In 2020 a number of friends started to get back into astrophotography. Camera technology has changed so much in the 15 years since my first CCD camera all those years ago. Now they are much more sensitive and far less noisy, that I got the imaging bug back and invested in a ZWO ASI 1600MM Pro camera and a couple of EAF focusers for both the scopes. Software technology has also improved. Integrated image capture and control software will now point your scope, platesolve it to within a few arc seconds of the target, auto focus the image and run whatever sequence of exposures you want.
In 2021 my loyal and faithful Losmandy G11 died. We were still in COVID so supplies of a replacement were really thin on the ground. I wanted an EQ8 with the encoders, but no-one had any on the shelf so I settled on an iOptron CEM120 EC . I would have prefered the EC2 with encoders on both axis, but the EC variant was all that was available. In the end the RA encoder works really well.

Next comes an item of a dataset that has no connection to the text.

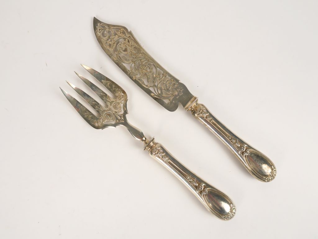 Couvert à servir le poisson en argent et argent fourré, poinçon Minerve. Poids tel : 194 g

That year I gave spectroscopy a go and invested in an ALPY 600 with the guiding and calibrations units. I really enjoyed the challenge, but the weather in Cornwall had other ideas and the number of clear nights where you could string a couple of hours together, were few and far between. The photography ( of the terrestrial kind) bug caught me again, so astronomy took another back seat for a while.
Then at the back end of 2022 I wanted to get back into astronomy again, but this time find something that you could do any day – well if the Sun shines that is. So I took up Solar observations made with a piece of paper and a pencil. The Sun tends to be visible many more times than we get a clear night, so if I could observe more often, this would continue to keep me interested.
In 2023, the DBO’s roof started to become really difficult to open again, so the DBO3 as born. I did away with the roll off roof altogether and constructed an epoxy coated foam roll off shed. This is really working well and is even quicker to open up than all previous versions.